Skechers USA saw three record quarters through the first nine months of 2007, but revenues dipped nearly a full percentage point in the fourth quarter due to weakness in the U.S. market and the shuttering of a couple of sub-brands.  The strong Q4 results for the year were the result of double-digit sales growth in the company’s international business, gains in the U.S. wholesale business, as well as double-digit sales growth in both the domestic and international owned-retail division and double-digit growth in the e-commerce division.  Net sales for the fourth quarter slipped 0.8% to $302.0 million from $304.5 million in the fourth quarter of 2006, led by a strong double-digit increase in the international wholesale businesses.  Net earnings for the fourth quarter declined 17.1% to $12.1 million, or 26 cents per diluted share, compared to net earnings of $14.6 million, or 33 cents per diluted share, in the fourth quarter of 2006.

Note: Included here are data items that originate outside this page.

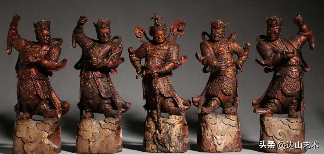 四大天王与韦驮组像明早期晋作木漆金50-52cm为同时期、同匠师、同地供奉,极其难得边山艺术收藏
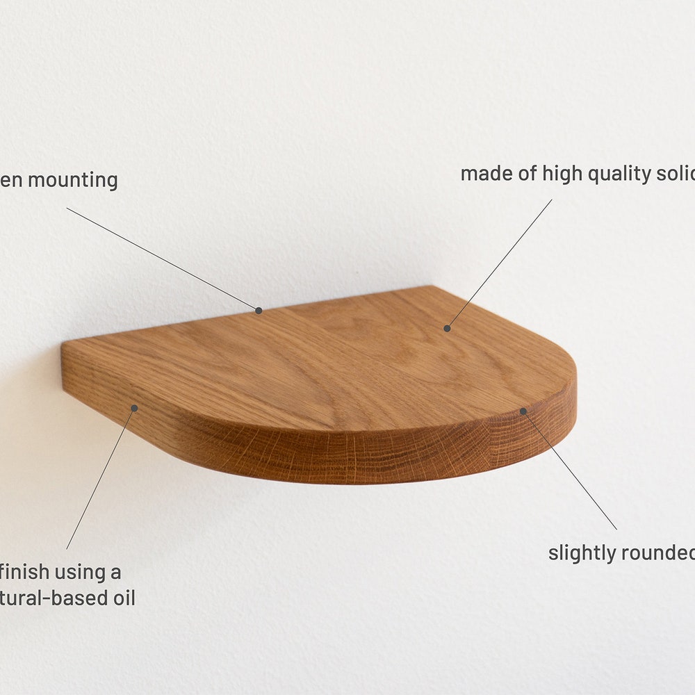Where to use this floating shelf? Mount it as a bedside shelf, kitchen storage, bathroom furniture or in any other room where you appreciate the arch shape combined with practical, space-saver storage. Each piece is unique, as these shelves are made of solid wood (top-grade, hand-selected wood material).
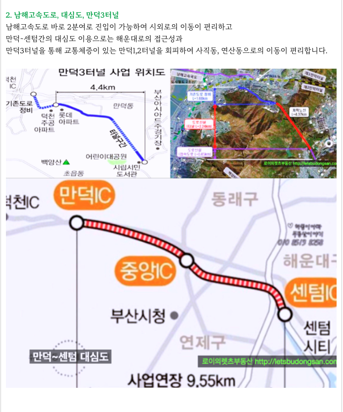 - 교통 편리 ( 남해고속도로, 만덕, 초읍터널 )
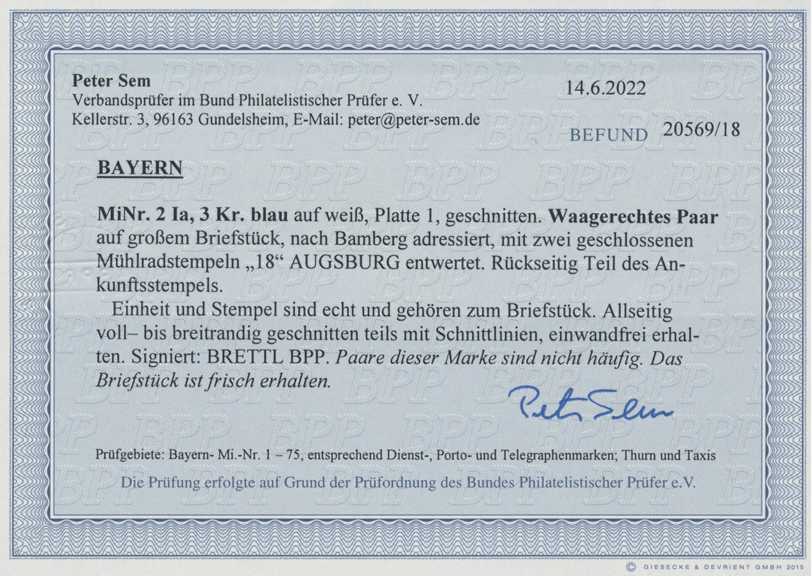 Get Market Data for [Germany (Bavaria) Mi.-Nr. 2Ia (2) (ArGe-Nr.] Visual Pricing Guide Sample Census
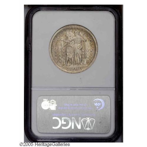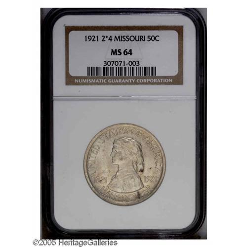 <B>1921<50C> Missouri 2x4 MS64 NGC.</B></I> This lustrous apricot-gray near-Gem has a good strike and unmarked surfaces. A couple of russet freckles are noted on the second L in DOLLAR and the base of the coonskin cap's tail. A scarce issue.
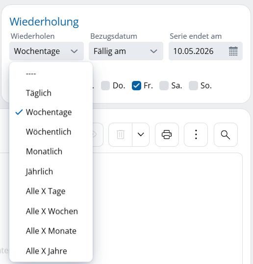 Über die Wiederholung können Serien definiert werden (z. B. täglich oder wöchentlich). Eine neue Aufgabe wird jeweils erst erzeugt, wenn die vorherige erledigt wurde oder deren Fälligkeit erreicht ist (je nach Einstellung).
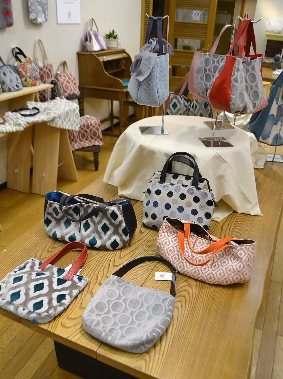 2022年04月23日 ギャラリーレポート『おりなすの韻(おと)2022春ハンドメイド作品展示販売会』2022年4月22日~5月2日※4/27休 ※本イベントは終了いたしました、マリヤギャラリーで初開催、札幌の南平岸で活動されている おりなす さんのハンドメイド作品展示販売会『おりなすの韻』。縫製・手織・レザークラフト・刺繍・アクセサリーなど様々なハンドメイド作品がたくさんです。カラフルな色使いは元気になりますね。細かな手仕事はぜひお手に取ってご覧ください。高品質でお手頃なお値段と驚きますよ。おいしいケーキも販売しております。マリヤのマネージャーは何度ももぐもぐタイムを楽しんでおりました。会期もいつものマリヤギャラリーイベントより長くなっています。桜咲き始めてきたこの時期、素敵なハンドメイドコレクションを増やしてください。
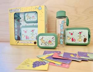 1 brooddoos met een leuke, nieuwe tekening van de #brooddoosbriefjes-buddies. De brooddoos mag in de vaatwasser! 1 snackdoosje, voor het eerst bedrukt met een nieuwe prent! Ook dit doosje kan veilig in de vaatwas! 30 gloednieuwe #brooddoosbriefjes : 15 met tekst, voor kindjes die kunnen lezen (of voor kindjes met lieve juffen en meesters die het willen voorlezen!), en 15 met een tekening alleen (en natuurlijk plek voor een aanspreking en een ondertekening). 1 drinkfles, met motiverende waterdruppeltjes om de hele fles helemaal leeg te drinken!
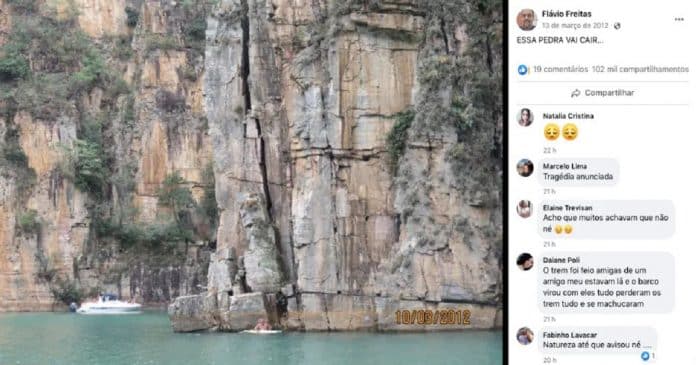 “Em uma dessas viagens, passei por esse local onde houve o acidente, um dos mais visitados ali em Capitólio, e aquela fenda me chamou atenção, porque realmente ela é extensa, larga. Visualmente, ela apresentava um aspecto perigoso. Fiz a foto na ocasião e escrevi: ‘Essa pedra vai cair’. E passou”, disse Freitas.
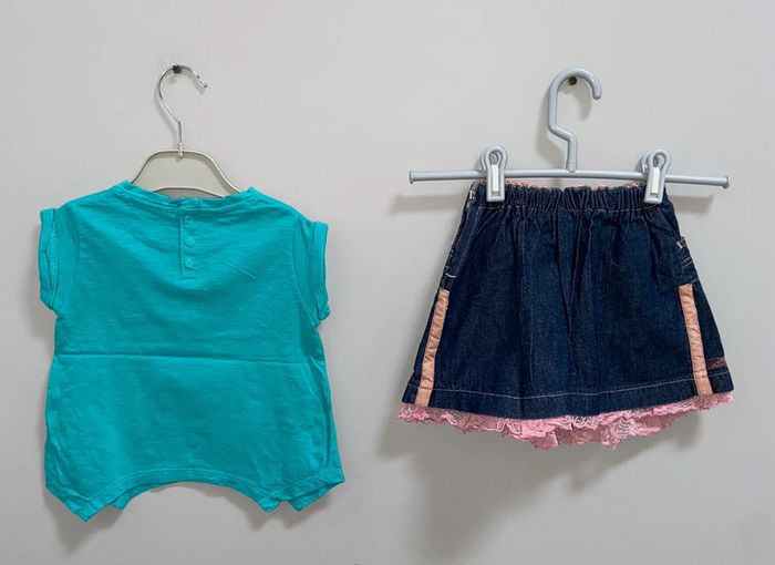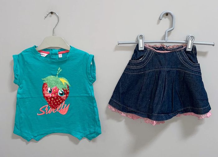 Ensemble 2 pièces : - Tee-Shirt Manche Courte Taille 18 mois Marque Kiabi Très bon état - porté 1 fois - Magnifique Jupe Taille 18 mois Marque Kiabi Très bon état - porté 1 fois 6€ le lot Pleins d'autres annonces en 18 mois été/hiver en cliquant sur ce lien : #dressingcindydixhuitmois Lot possible pour économiser sur les frais de ports

The domestic wholesale business was up 7.5% for the full year, but decreased by 16% for the fourth quarter. Management said one of the issues with the domestic business was the comp against Q4 last year when sales had jumped 48% versus the prior year.  They said that retailers are booking closer to need and some also moved Q4 dollars into the early fist quarter.  The shift, while hurting the fourth quarter, also helped push backlog up over 29% at the end of the period.

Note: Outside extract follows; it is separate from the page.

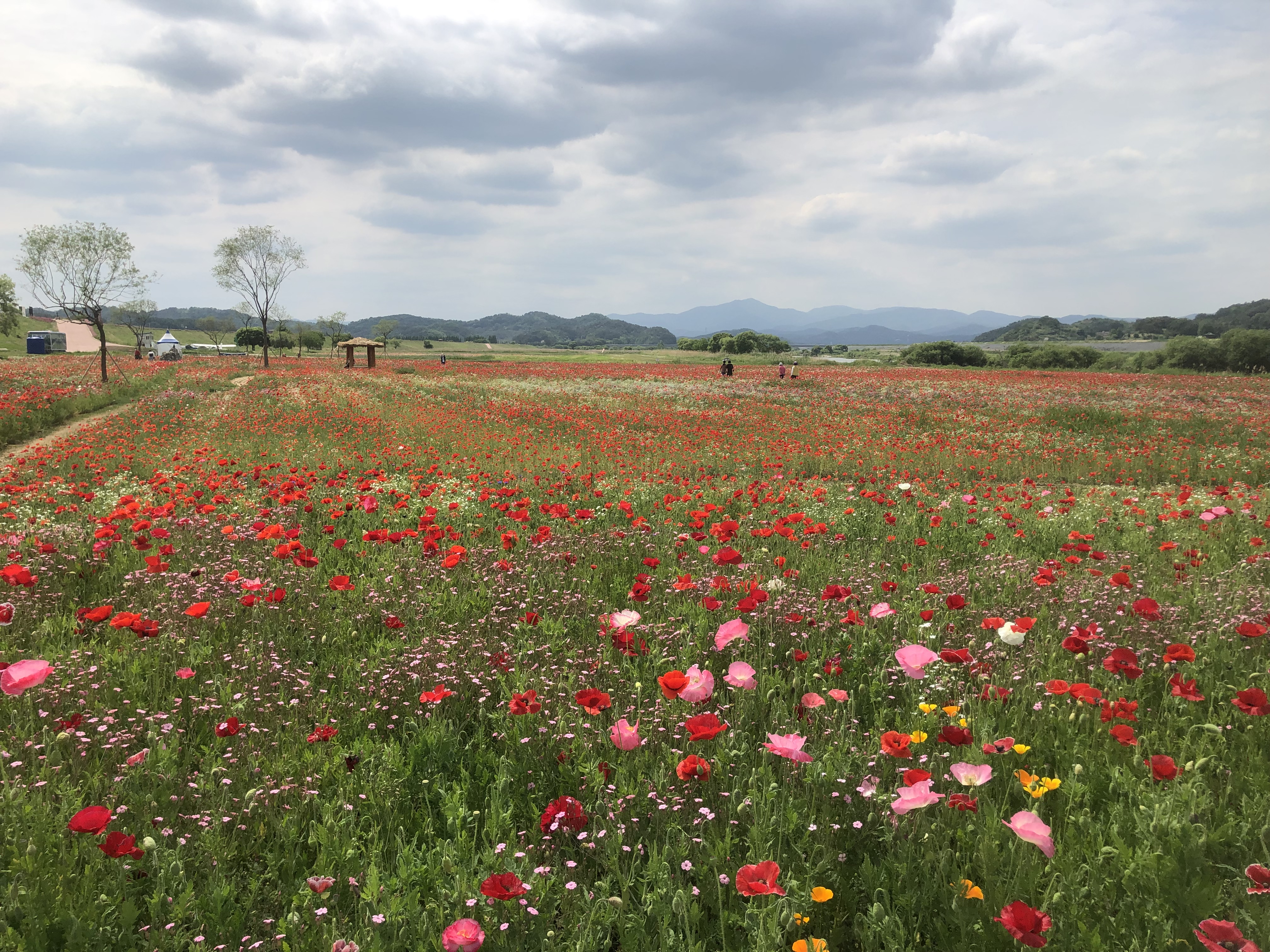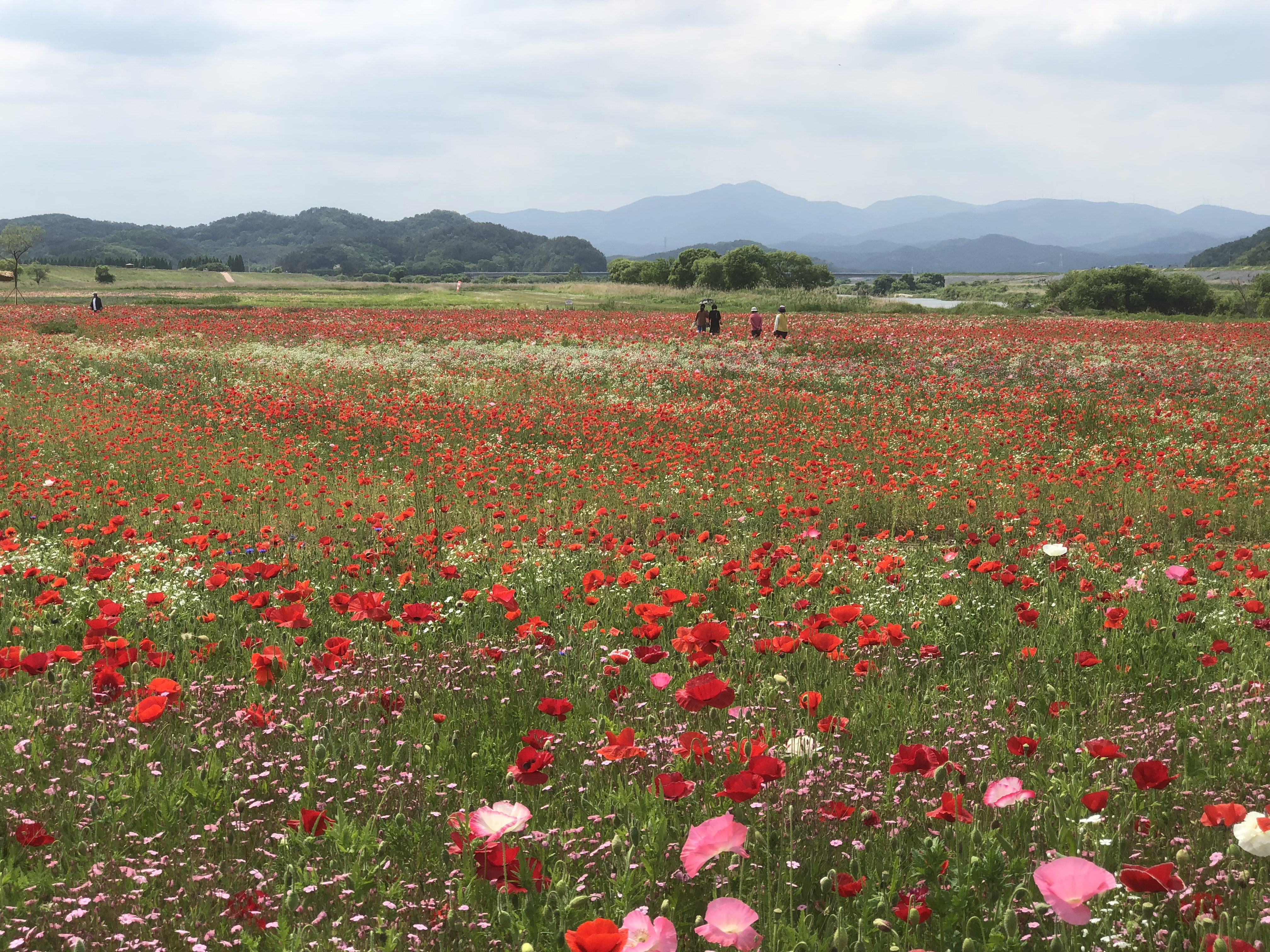 5월의 약양둑방 화원은 꽃양귀비가 대세다. 둑방너머 남강변 둔치 약 6km에 꽃양귀비가 지천이다.

International wholesale improved 42% for the fourth quarter and 46% for the year.  Subsidiary sales, which includes Canada, Brazil, Malaysia and 12 countries in Europe, improved by 70% for the quarter and over 53% for the year.   SKX said the improvements for the quarter came across nearly every one of their direct regions, including Italy and France.  Spain and the Benelux region had triple-digit growth while the company’s three largest subsidiaries, the U.K., Canada and Germany had double-digit growth.  The increase in the subsidiary business was also due to the addition of two subsidiaries, Brazil, which launched in the third quarter of 2007 and Malaysia, which transitioned from a distributor to a subsidiary earlier in the year.  Distributor sales improved by more than 30% for the quarter and nearly 38% for the year.   Skechers will re-open footwear distribution in Korea this quarter.


At year-end, 16 Skechers distributors had 63 Skechers retail stores open in 23 countries. 

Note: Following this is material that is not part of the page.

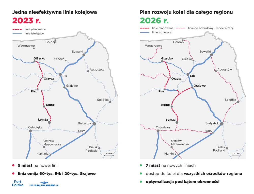 Port Polska przypomina, że w północno-wschodniej Polsce od 2024 roku trwa modernizacja linii kolejowych na odcinkach: między Łapami i Ostrołęką, ze Śniadowa do Łomży czy między Ełkiem i Białymstokiem w ramach międzynarodowej trasy do krajów bałtyckich Rail Baltica. Podkreśla przy tym, że nie zostały wstrzymane prace nad nowymi liniami kolejowymi w Polsce północno-wschodniej.
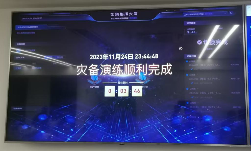 切換后,業(yè)務(wù)人員充分驗(yàn)證異地災(zāi)備系統(tǒng)的數(shù)據(jù)完整性和業(yè)務(wù)可用性,執(zhí)行小組于當(dāng)晚23點(diǎn)41分進(jìn)行一鍵業(yè)務(wù)回切,僅耗時(shí)3分46秒完成業(yè)務(wù)恢復(fù)。

Combined domestic and international retail sales were up 12% for the fourth quarter and over 18% for the full year, due to the combination of comp store sales increases and the net 36 store increase from the prior year.  There were a total of 191 domestic and international company-owned retail stores open at year-end, including 176 company-owned and operated retail stores in the U.S.  Skechers added 36 net new stores for the year.


Domestic retail sales increased 12% for the quarter and over 17% for the full year.   International retail sales improved almost 12% for Q4 and 20% for the full year. The positive international sales were said to be the result of improvement in each region, except Germany, which was impacted by the closing of the company’s Frankfurt store in January 2007.


Looking ahead, SKX expects first quarter 2008 net sales to be in the range of $385 million to $395 million and diluted earnings per share to be in the range of 57 cents to 62 cents.